What is required: The material below holds pictures, which are to be left out; copy exactly the lines from the one with "The highlife virtuoso" through the one with "1993年,克林顿总统与夫人希拉里在白宫准备感恩节大餐。".

# # # # # # #

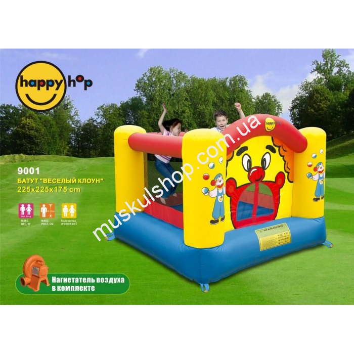 Надувной Happy Hop батут «Веселый Клоун» выполнен в форме боксерского ринга, детишкам на таком снаряде будет не только весело, но и полезно. Габариты надувного батута позволяют вместить его в любом месте, его длина составляет всего 3 м, а ширина с высотой не превышает 2 м, отличное дополнение детской площадки, домов отдыха, гостиниц, а также парков и детских лагерей. Комплектуется батут нагнетателем воздуха. Батут выдерживает свыше 90 кг общего весе, при этом его вес равен только 15 кг. Выполнен батут с прочного материала, способный выдерживать резкие прыжки. Изделие подарит кучу положительных, ярких эмоций вашим деткам. Батут сможет принять на свой борт не более двух детей.
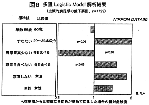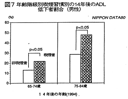 ●また、我が国の最近の疫学研究により、たばこは総死亡のリスクを高めるのみならず、死亡に至らずとも、ADL(日常生活動作)やQOL(生活の質)を低下させることが示されており(図7、図8)10 、今後医療費や介護費用の負担増加に寄与することが予測される。
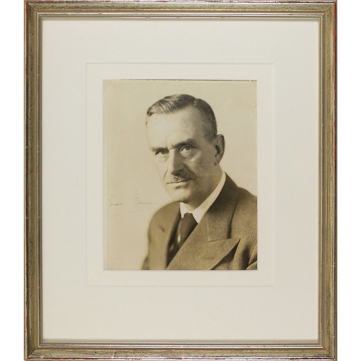 Highly influential, Nobel Prize–winning German novelist and social critic (1875–1955). Vintage matte-finish 7.5 x 9.25 photo, signed in ink. Double-matted and framed to an overall size of 15.5 x 17.75. In very good condition, with slightly irregular adhesion to signature (still fully legible), scattered soiling, and rippling and small creases to edges.
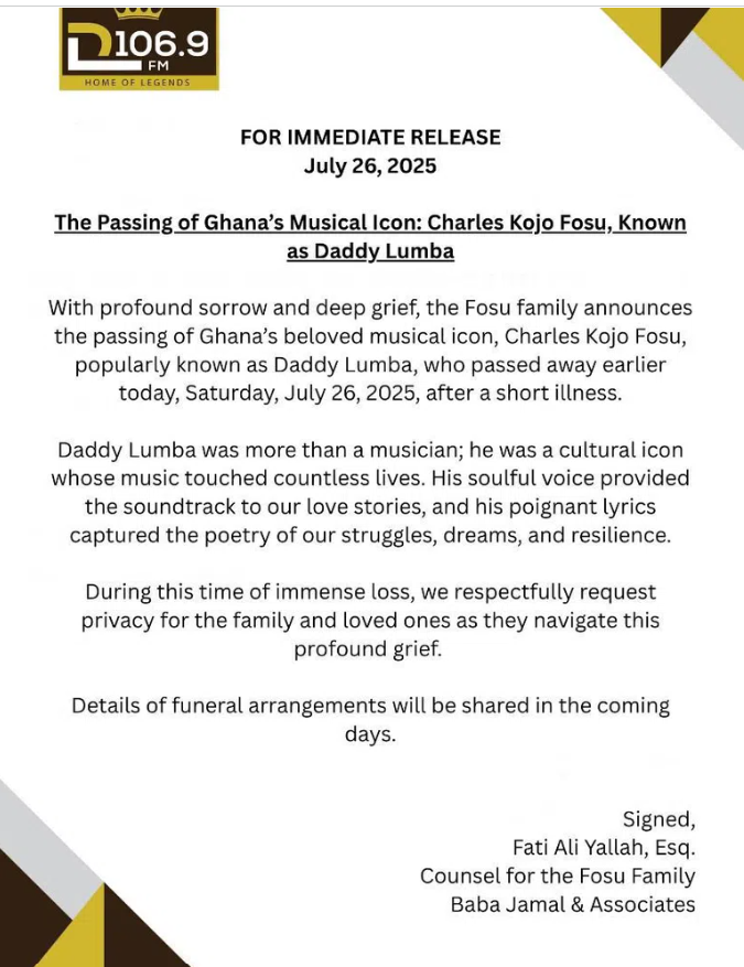 The highlife virtuoso died on 16 May 2025 following a short illness. Renowned for his emotionally resonant vocal delivery and recordings that connected profoundly with audiences, his passing occurred mere days ahead of a planned London engagement.
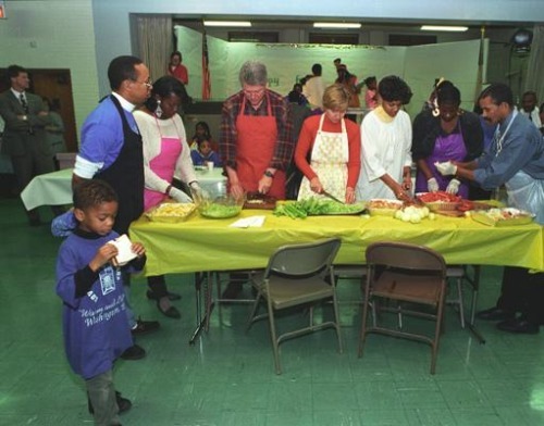 1993年,克林顿总统与夫人希拉里在白宫准备感恩节大餐。
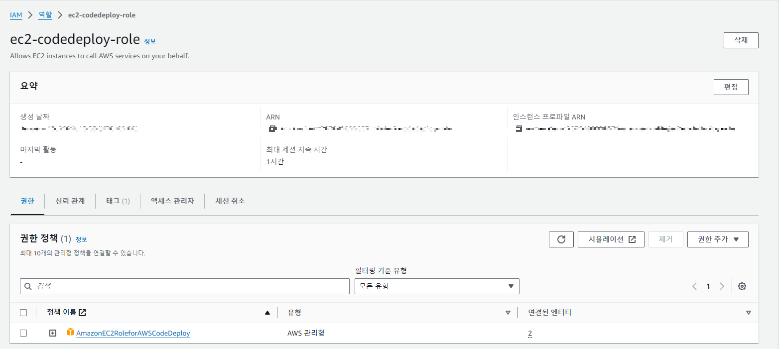 code deploy > 애플리케이션 생성> 배포그룹 생성
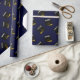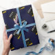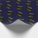 Papier cadeau de fin d'études unique avec casquette de diplômé noire et dorée sur fond bleu marine. Modifiez le texte pour ajouter le nom du diplômé et l'année de la promotion.
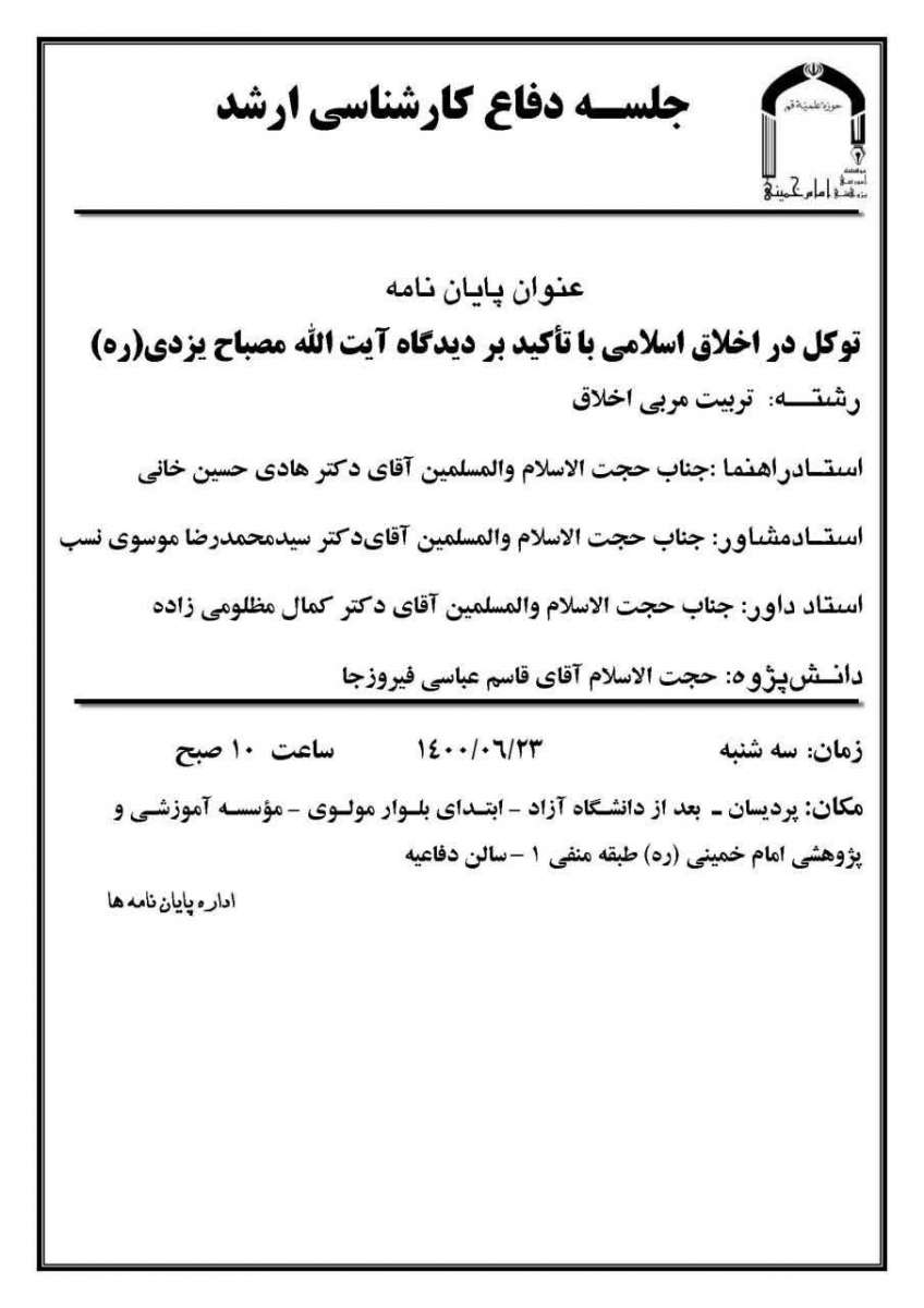 توکل در اخلاق اسلامی با تأکید بر دیدگاه آیت‌الله مصباح یزدی(ره)

# # # # # # #

Response to the task:
 The highlife virtuoso died on 16 May 2025 following a short illness. Renowned for his emotionally resonant vocal delivery and recordings that connected profoundly with audiences, his passing occurred mere days ahead of a planned London engagement.
 1993年,克林顿总统与夫人希拉里在白宫准备感恩节大餐。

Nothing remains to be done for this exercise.